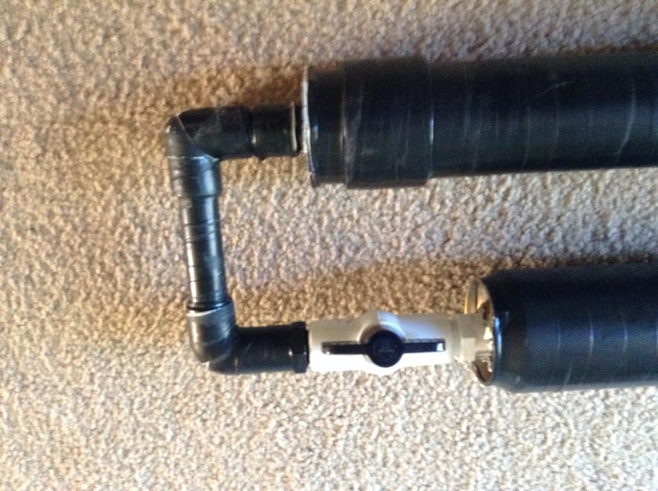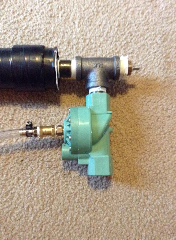 Thanks! I used the ball valve and the weird 'c' shaped section since it was what I had laying around. Once I get money I'll upgrade to a sprinkler valve and probably mount the blow gun on the handle in the middle of it. That and the piston's pretty inefficient so I'll be redoing that next
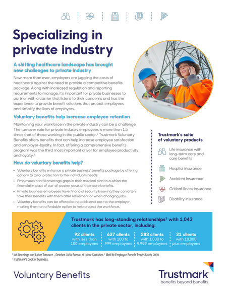 A slick that outlines Trustmark’s expertise in handling cases in the private sector. Can be emailed digitally or printed and handed out.
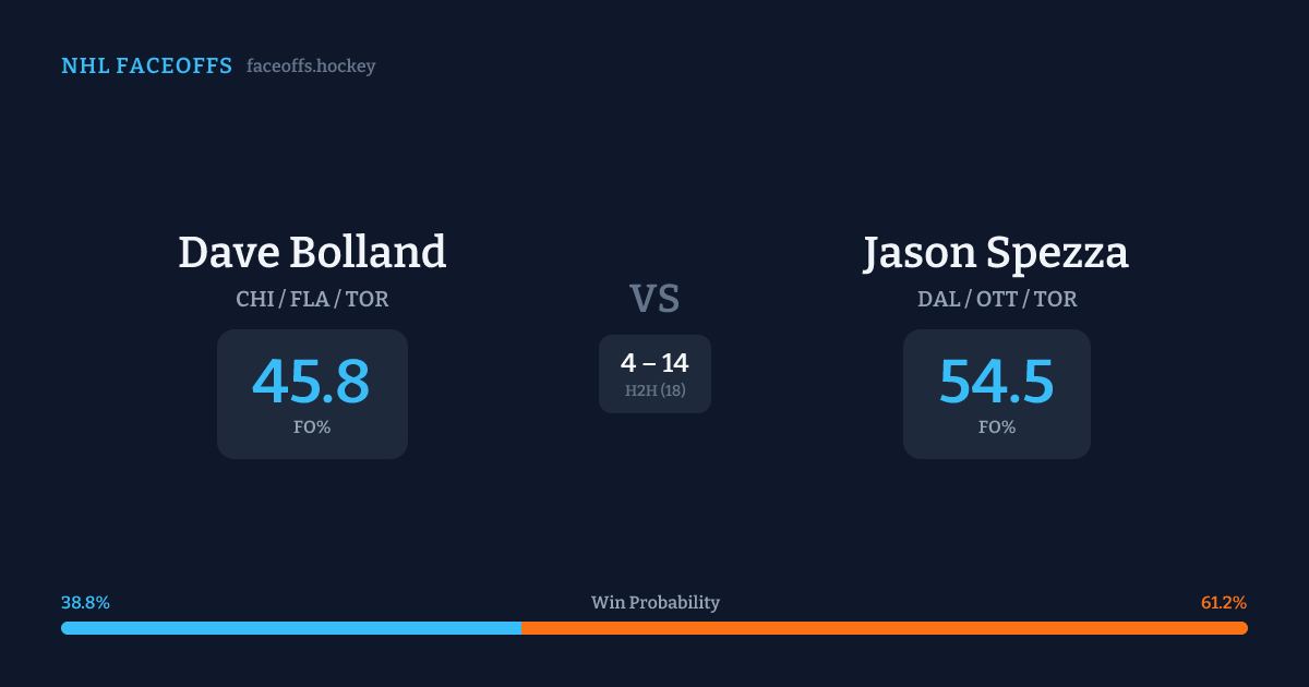 Jason Spezza holds a +9.1% FO% edge overall. Look for Spezza on neutral-zone draws (100% H2H, 4 meetings). Bolland wins 42.1% vs right-shot opponents — Spezza shoots right.

*HOW TO COMPLETE THIS TASK*.
Write out the material exactly as it stands, omitting every picture.

*RESULT FOR THIS EXERCISE*.
 Thanks! I used the ball valve and the weird 'c' shaped section since it was what I had laying around. Once I get money I'll upgrade to a sprinkler valve and probably mount the blow gun on the handle in the middle of it. That and the piston's pretty inefficient so I'll be redoing that next
 A slick that outlines Trustmark’s expertise in handling cases in the private sector. Can be emailed digitally or printed and handed out.
 Jason Spezza holds a +9.1% FO% edge overall. Look for Spezza on neutral-zone draws (100% H2H, 4 meetings). Bolland wins 42.1% vs right-shot opponents — Spezza shoots right.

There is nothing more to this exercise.